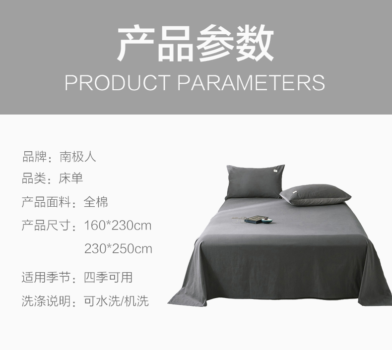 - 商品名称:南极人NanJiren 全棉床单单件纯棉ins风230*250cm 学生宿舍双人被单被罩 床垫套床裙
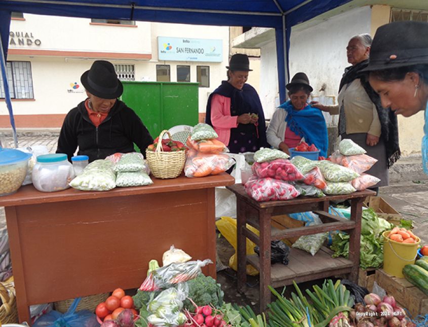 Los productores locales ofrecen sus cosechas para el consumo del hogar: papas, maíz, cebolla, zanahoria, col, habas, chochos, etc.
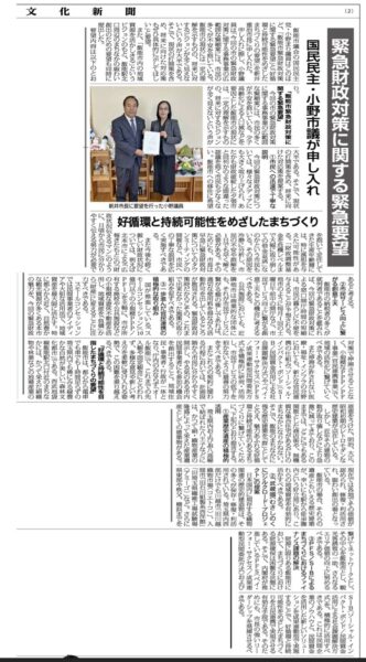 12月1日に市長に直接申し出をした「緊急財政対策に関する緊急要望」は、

• • •

=== Required action ===
Please copy the data above exactly, omitting the pictures.

=== Reply to the task ===
 - 商品名称:南极人NanJiren 全棉床单单件纯棉ins风230*250cm 学生宿舍双人被单被罩 床垫套床裙
 Los productores locales ofrecen sus cosechas para el consumo del hogar: papas, maíz, cebolla, zanahoria, col, habas, chochos, etc.
 12月1日に市長に直接申し出をした「緊急財政対策に関する緊急要望」は、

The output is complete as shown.